尚、図9の(a)は、プラグ受けボックス8の斜視図であり、(b)は、内側壁面8fの周方向中央側の部分と両横部分との間の水平面に対する傾斜度の違いを説明する図である。
【0038】
具体的には、図5に示すように、プラグ受けボックス8の内側壁面8fは、下窄み状のケトル本体Kの下部外周面に沿うように、凹状湾曲面状の内側下がり傾斜面に構成されている。
又、図6及び図9に示すように、両側の急内側下がり傾斜面部8fsの下端縁は、弧状になるように構成されている。
【0039】
図1及び図5に示すように、ケトル本体Kを前記給電姿勢で電源プレートPに載置した状態で受電機構3を中心に回転させると、そのケトル本体Kの底部の突出部9bがプラグ受けボックス8の下部に当たることとなる。
そして、プラグ受けボックス8の内側壁面8fの両横部分が急内側下がり傾斜面部8fsに構成されて、その急内側下がり傾斜面部8fsに対応する下端縁8esが側端の方ほど電源プレートPの径方向外方に位置する弧状となるように構成されているので、ケトル本体Kが給電姿勢で電源プレートPに載置された状態で受電機構3を中心に回転されても、ケトル本体Kの底部の突出部9bがプラグ受けボックス8の内側壁面8fの下部に乗り上げて、その乗り上げ姿勢が維持されることがないように構成されている。
【0040】
又、図10に示すように、ケトル本体Kが、その底部の突出部9bがプラグ受けボックス8の上部に完全に乗り上がり、電源プレートPの載置部28の上面とプラグ受けボックス8の上部とに跨った傾斜姿勢で電源プレートPに載置された状態で、受電機構3と給電機構5とが非導通状態となるように、受電機構3、給電機構5が夫々ケトル本体K、電源プレートPに設けられている。

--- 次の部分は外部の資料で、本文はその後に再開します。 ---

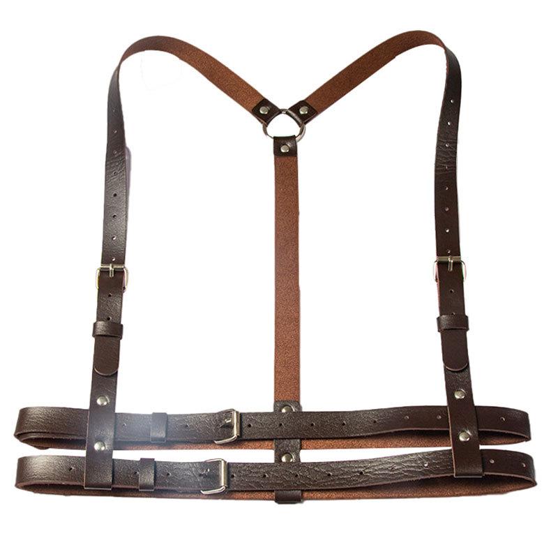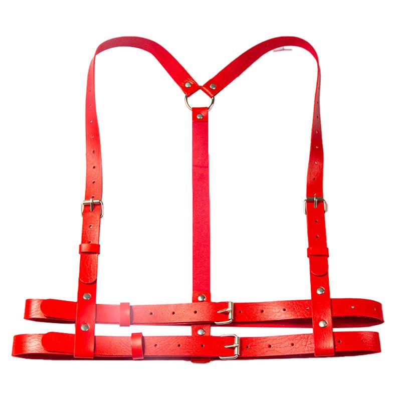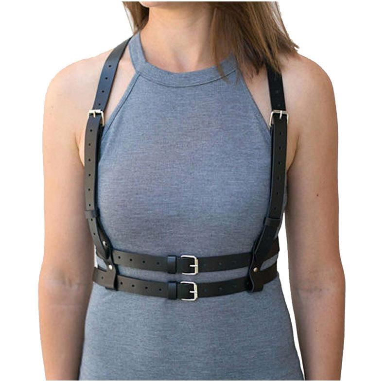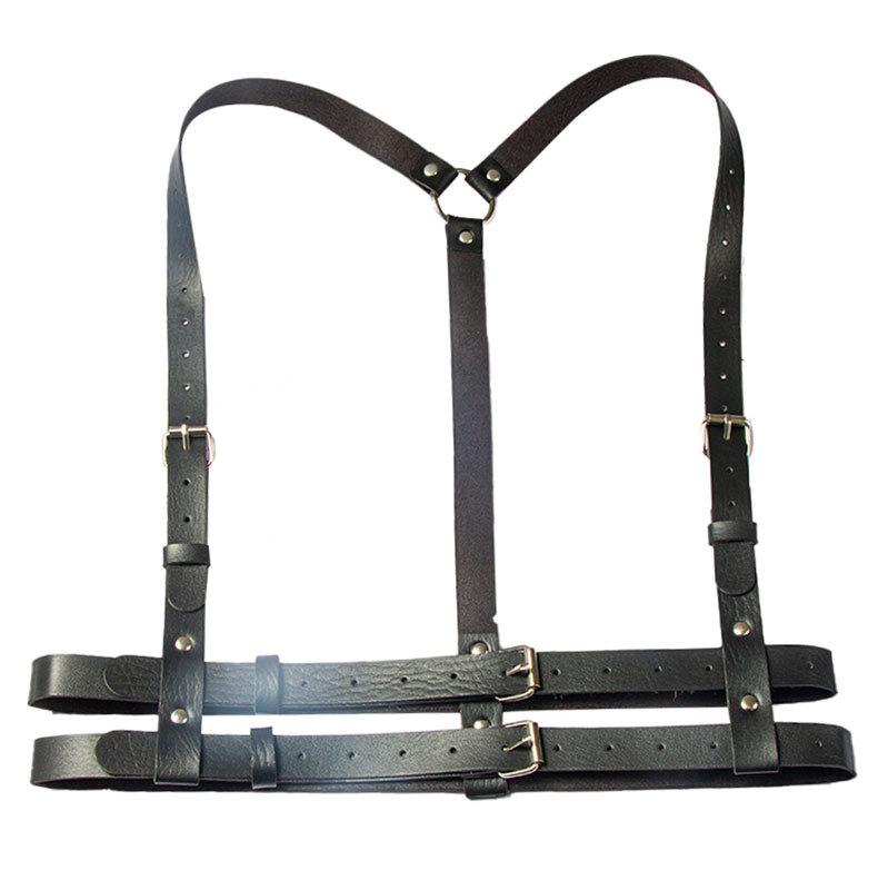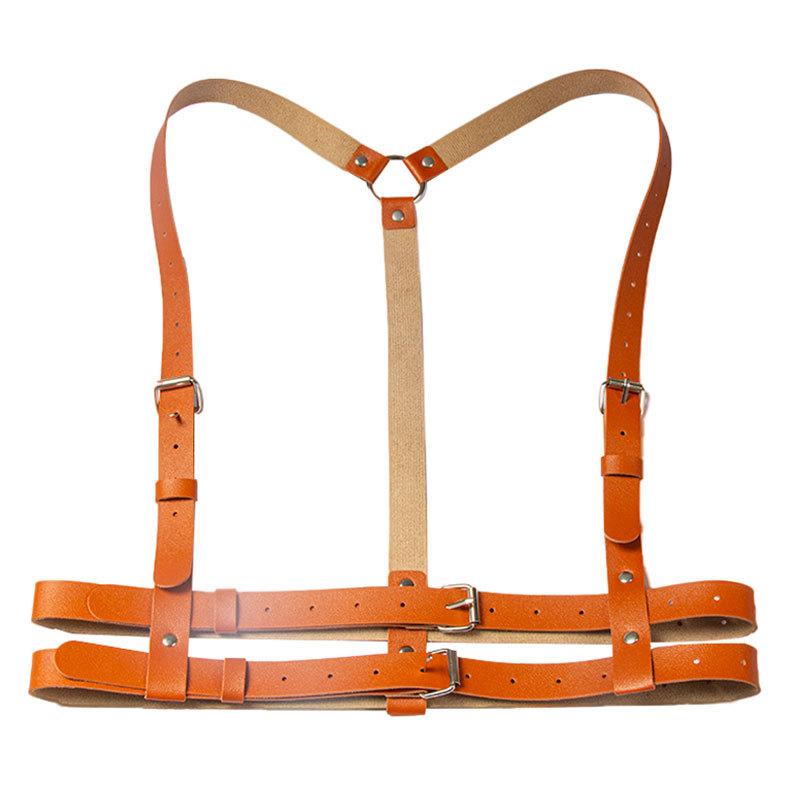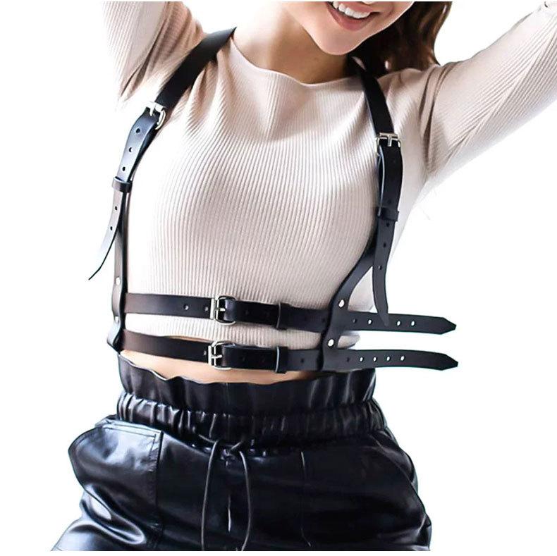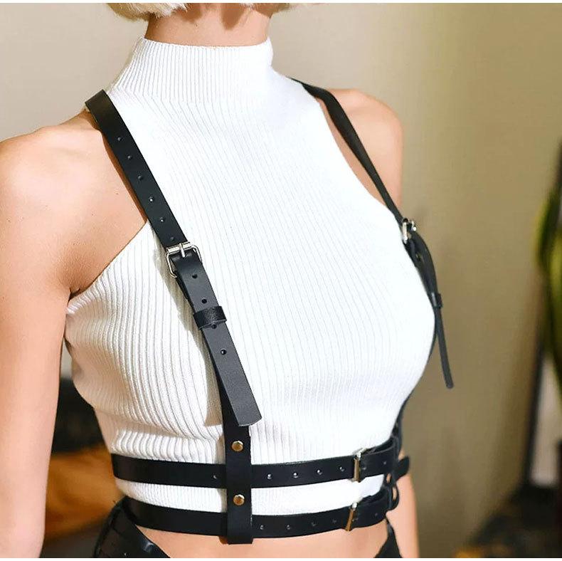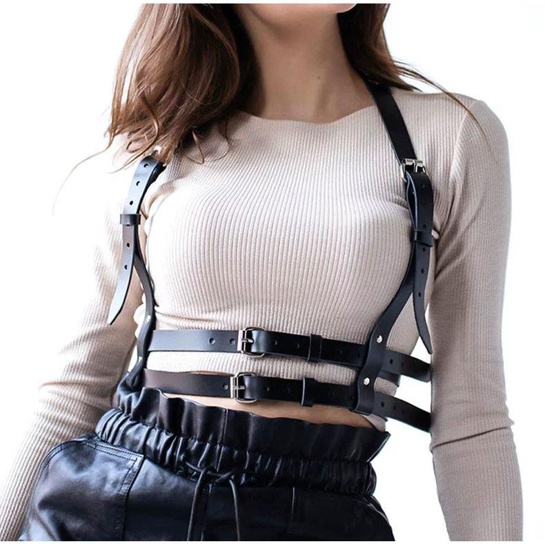 【Directo de Fábrica】Punk Europeo y Americano Cinturón de Cuero de Doble Capa Cinturón de Restricción Personalidad Disfraz para Actuación Tirantes Cadena de Cintura Integrada

具体的には、ケトル本体Kが上述のような傾斜姿勢で電源プレートPに載置された状態では、給電機構5がケトル本体K底部の給電機構嵌め込み用凹部18d内に嵌まり込まない状態となって、接点同士が接触しない(スパークしない)ように、受電機構3、給電機構5が夫々ケトル本体K、電源プレートPに設けられて、受電機構3と給電機構5とが非導通状態になるようになっている。
【0041】
図5及び図7に示すように、複数(この実施形態では4個)の滑り止め部材33が、電源プレートPの底面に分散して設けられ、この設置形態が本願の特徴とされている。尚、以下の説明、及び、図面においては、電源プレートPの底面に分散して設けられた滑り止め部材の設置位置を区別するために、滑り止め部材を示す符号(例えば「33」)に添え字「a」を付して、電源プレートPの底面においてプラグ受けボックス8が存在する部分に対応した位置に位置する滑り止め部材を示し、滑り止め部材を示す符号(例えば「33」)に「b」を付して、電源プレートPの底面においてプラグ受けボックス8が存在しない部分に対応した位置に位置する滑り止め部材を示す。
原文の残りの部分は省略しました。